Source data
--- START ---

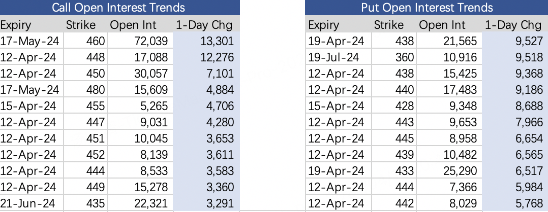 For $Invesco QQQ Trust-ETF(QQQ)$ , the largest new call buy is the 05/17 460 strike at 13k contracts $QQQ 20240517 460.0 CALL$ . But traded delta shows this position is a sell expecting <4.3% upside by mid-May.
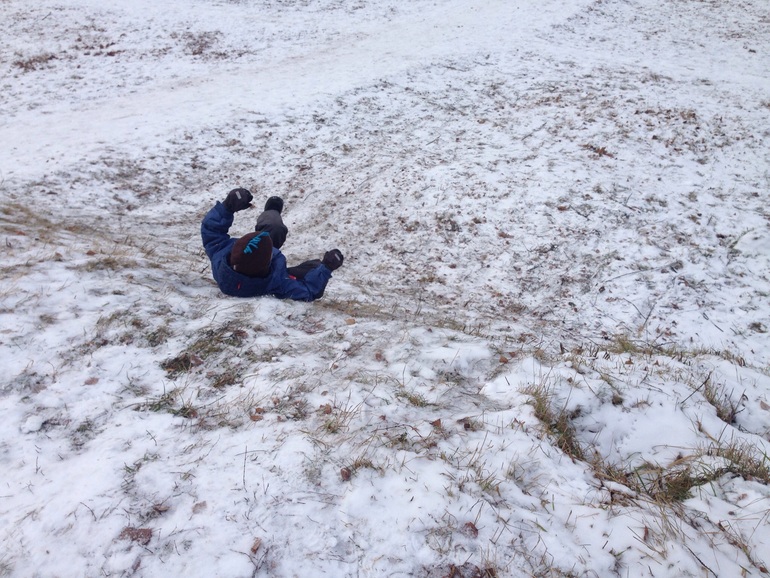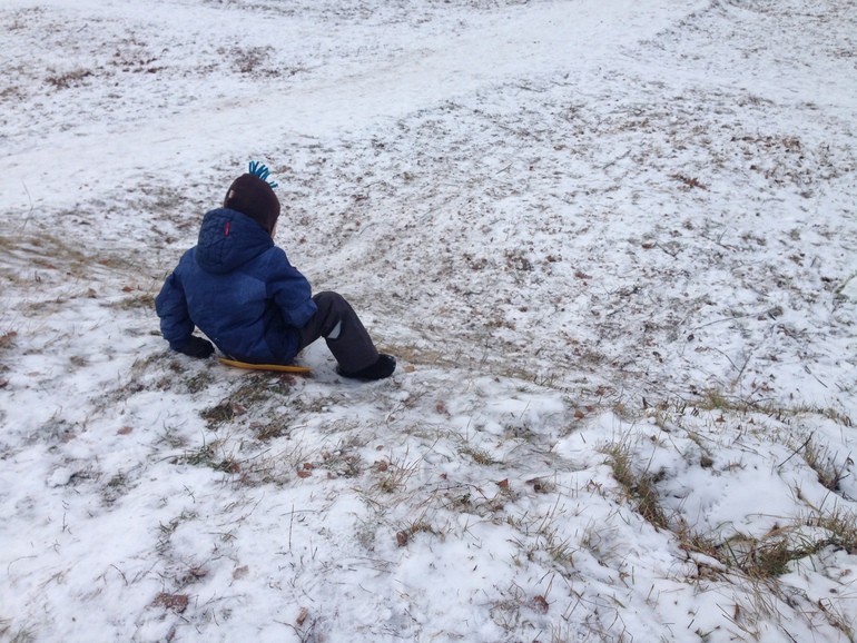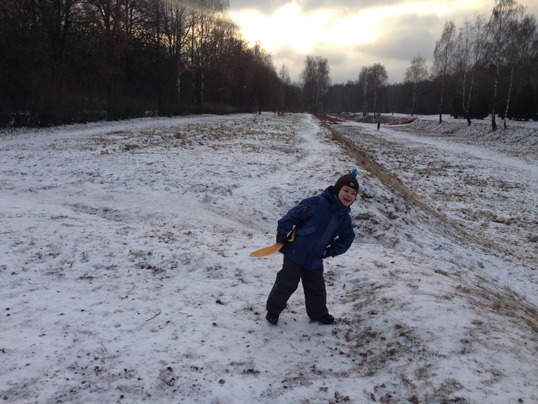 Ребенок изнылся, где же снег, давай покатаемся с горки. Вот и покатались на том, что было.(( Ватрушку не разрешила, боялась лопнет, нарвавшись на какой-нибудь камень, но деть и ледянке был рад.) Встретили нашу подружку, те тоже с ледянкой пришли, хоть не одни такие сумасшедшие оказались.))
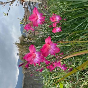 何か月前に球根で植えたのですが名前がわかりません😅 ピンクで可愛い🎵🌷です。
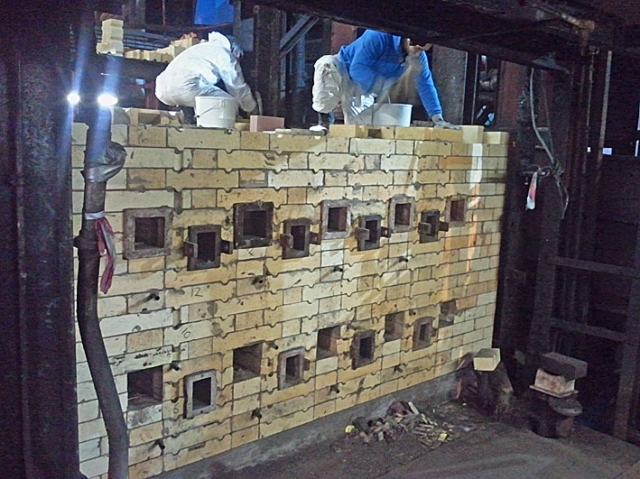 Im Januar 2012 begann man mit dem Neubau. Der Ofen besteht aus 84 verschiedenen Lagen, gemauert aus speziell gegossenen Formsteinen. Jede neue Lage wurde von den N.U.B.-Schamottsteinmaurern individuell nach Zeichnung ausgeführt. Eine Herausforderung war die enorme Größe des Ofens, die eine zusätzliche statische Abstützung erforderte. Hier war das spezielle Können und Know-how der N.U.B.-Stahlbauabteilung gefragt. Die Spezialisten verankerten die Anlage dauerhaft durch ein vor Ort errichtetes und verschweißtes Stahlgerüst mit dem Gebäude. Möglich gemacht wurde diese nachhaltige und stabile Sonderlösung durch den "Rundum-Service" von N.U.B. Engineering Ltd.
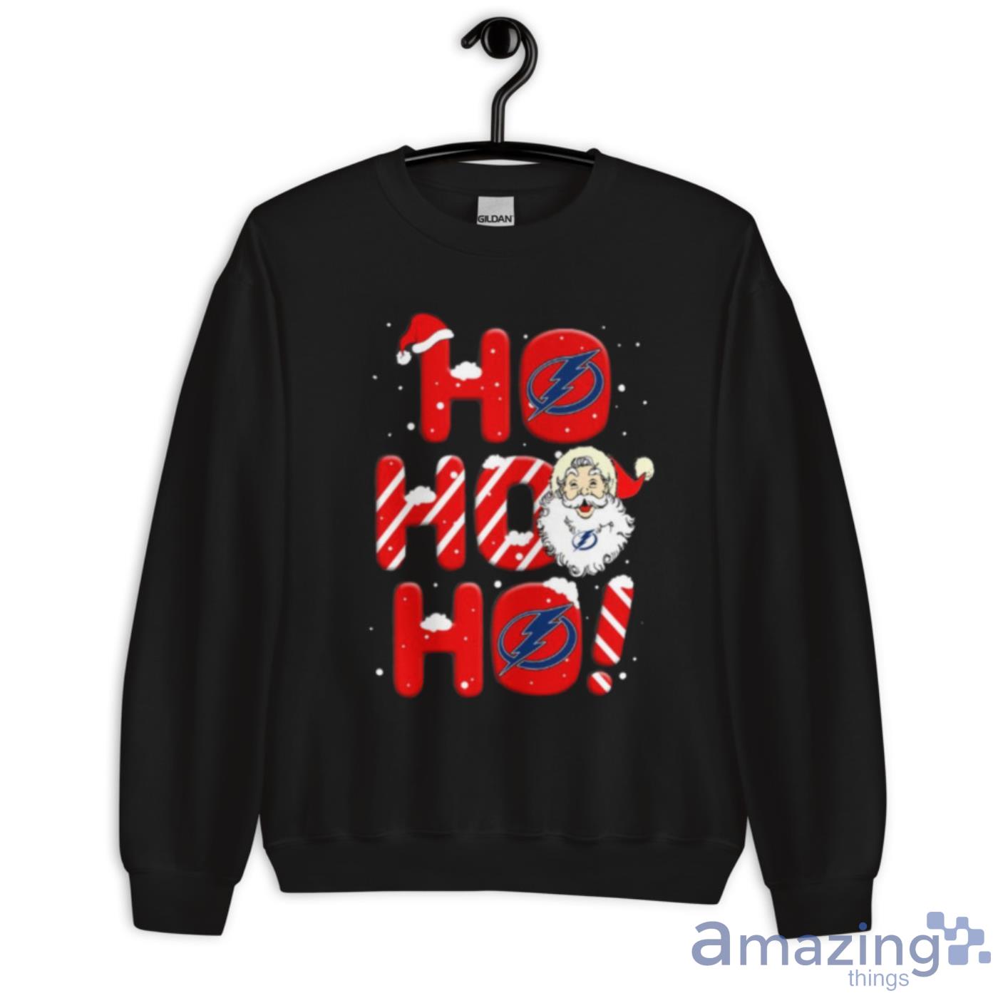 Tampa Bay Lightning NHL Hockey Ho Ho Ho Santa Claus Merry Christmas Shirt Details
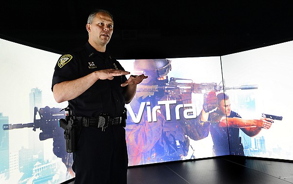 Bob Hughes ran through one of the use-of-force training scenarios that will be made available to the public. It has the participant waiting for a woman to finish using an automated teller machine when a man with a knife comes up to steal her purse.
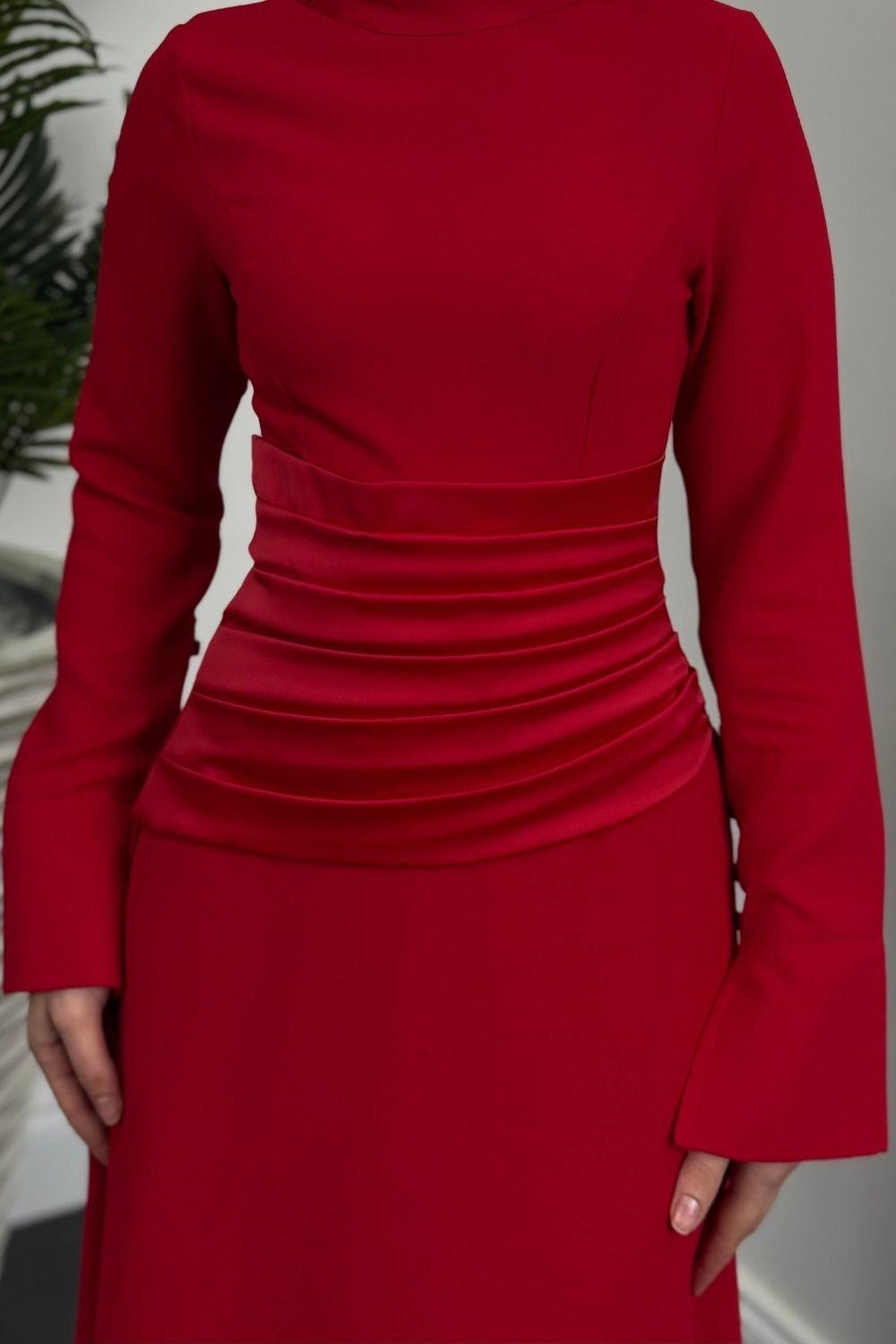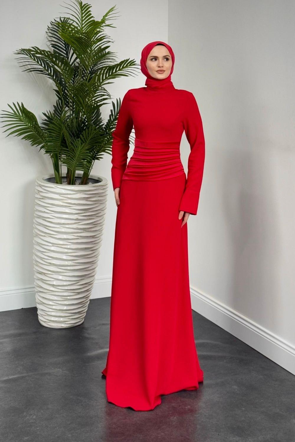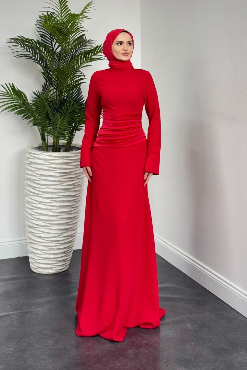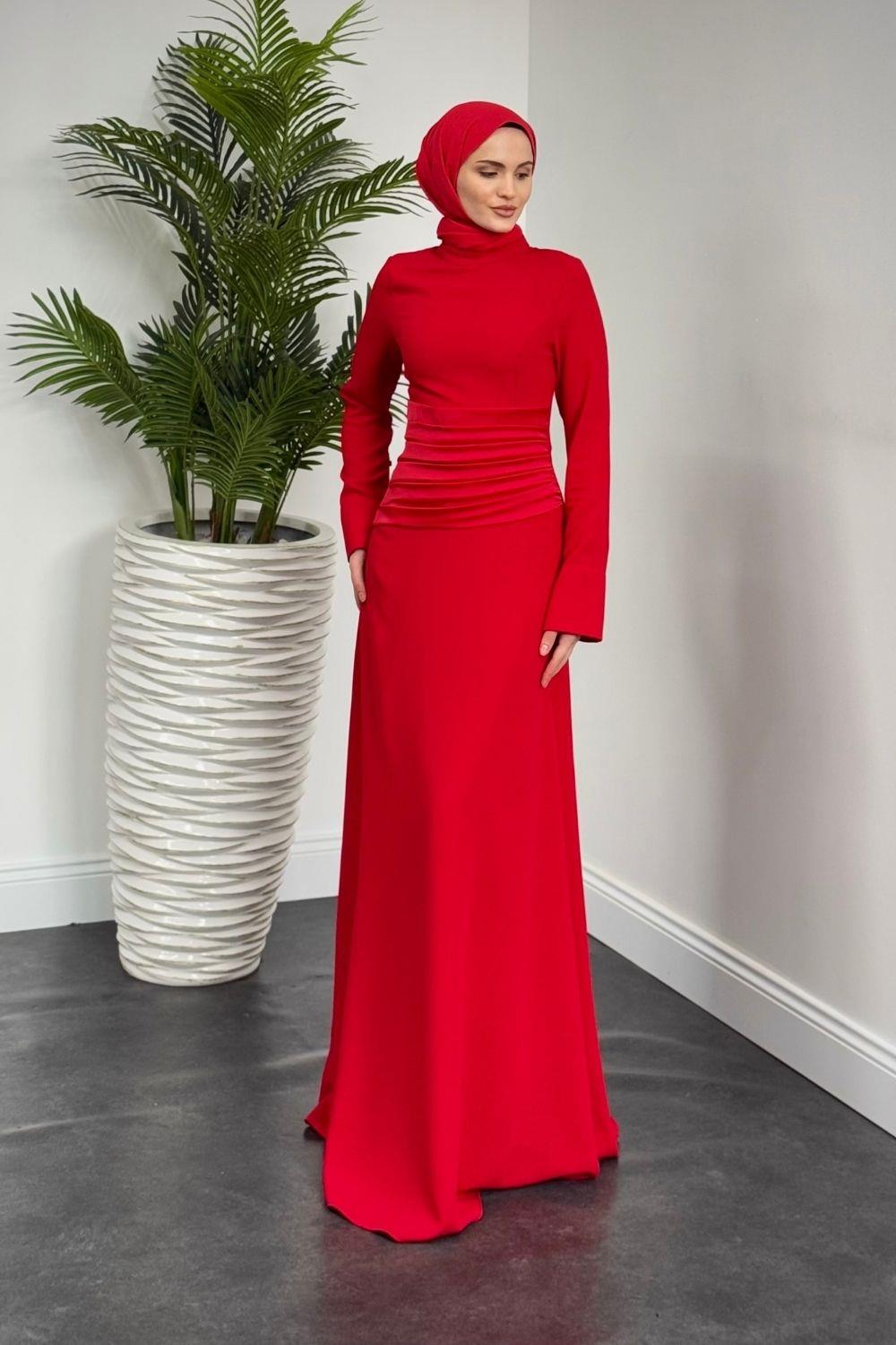 Fiore Beli Drapeli Balık Abiye Kırmızı
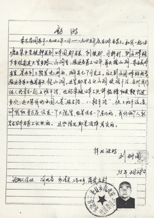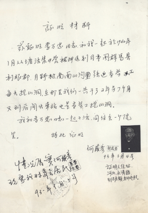 证明人:当年和我在日本国当劳工,现在活着的人。
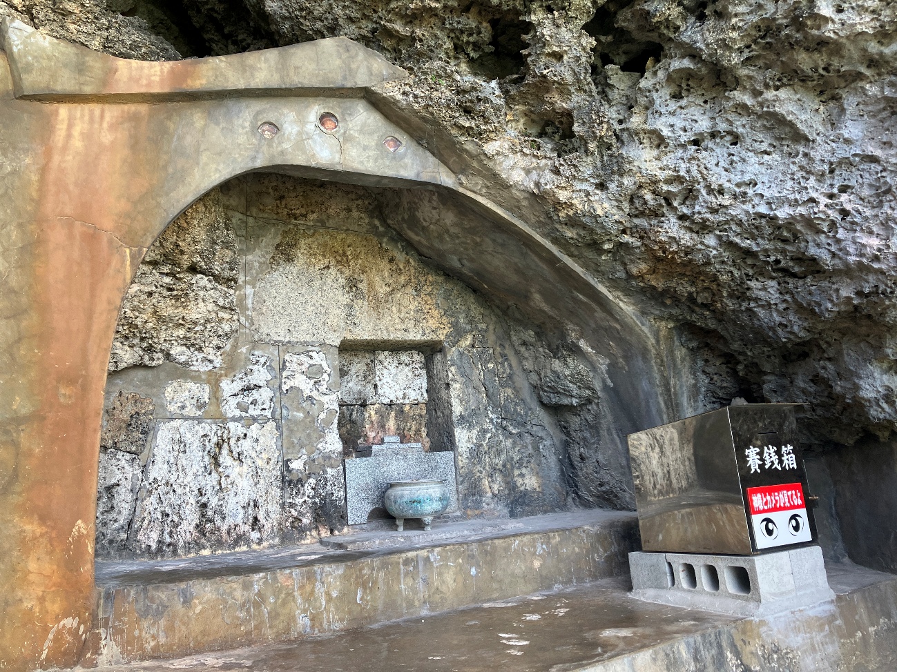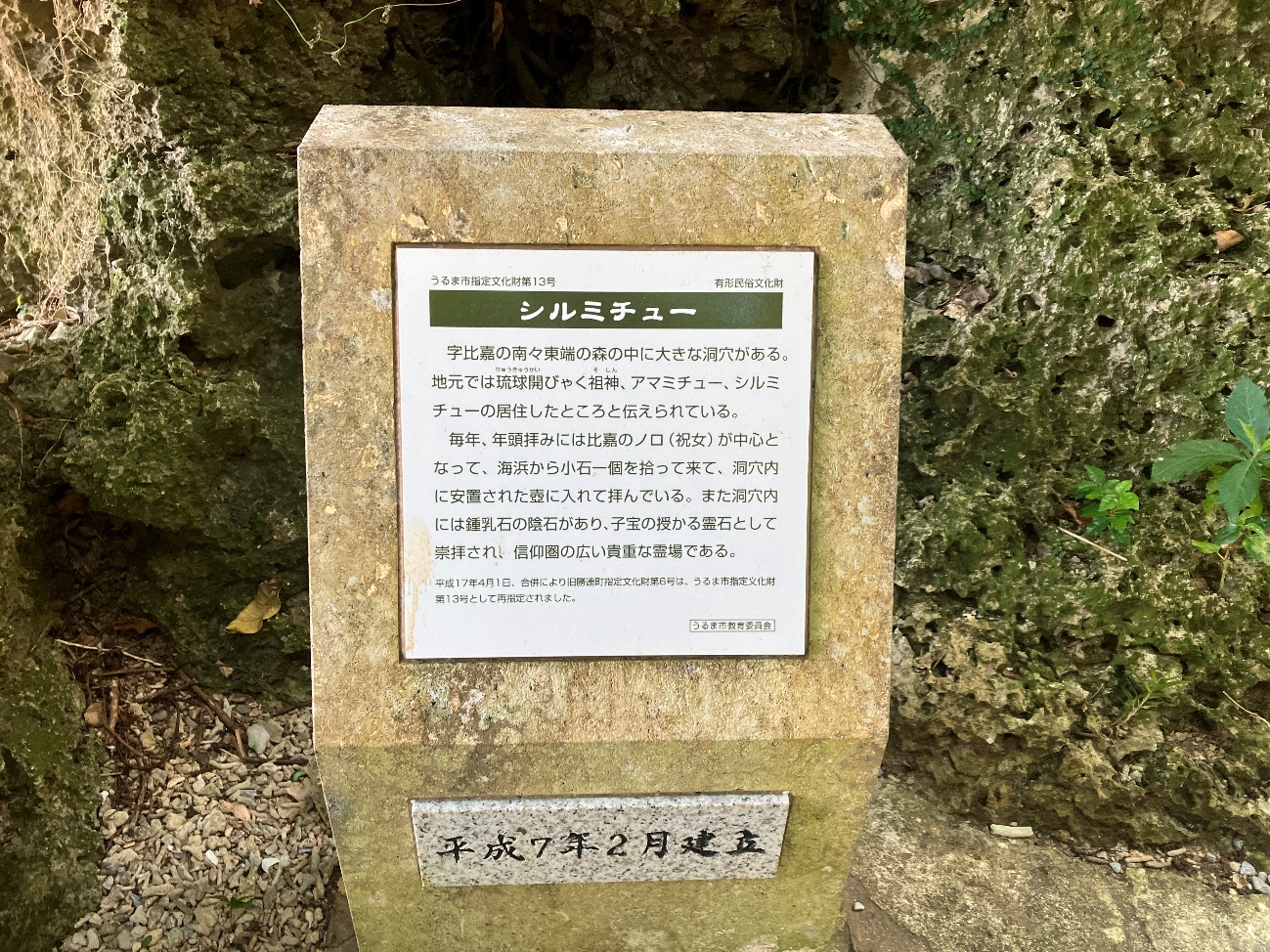 アマミチュー、 シルミチュー二柱の神がこの洞窟に住み、子供を授かったという伝説があります。

--- END ---

- **Problem to solve**
Please output the lines above beginning at the line with "Ребенок изнылся, где" and ending after the line with "何か月前に球根で植えたのですが名前がわかりません😅 ピンクで可愛い🎵🌷です。", precisely as written and with no pictures.

- **Solution**
 Ребенок изнылся, где же снег, давай покатаемся с горки. Вот и покатались на том, что было.(( Ватрушку не разрешила, боялась лопнет, нарвавшись на какой-нибудь камень, но деть и ледянке был рад.) Встретили нашу подружку, те тоже с ледянкой пришли, хоть не одни такие сумасшедшие оказались.))
 何か月前に球根で植えたのですが名前がわかりません😅 ピンクで可愛い🎵🌷です。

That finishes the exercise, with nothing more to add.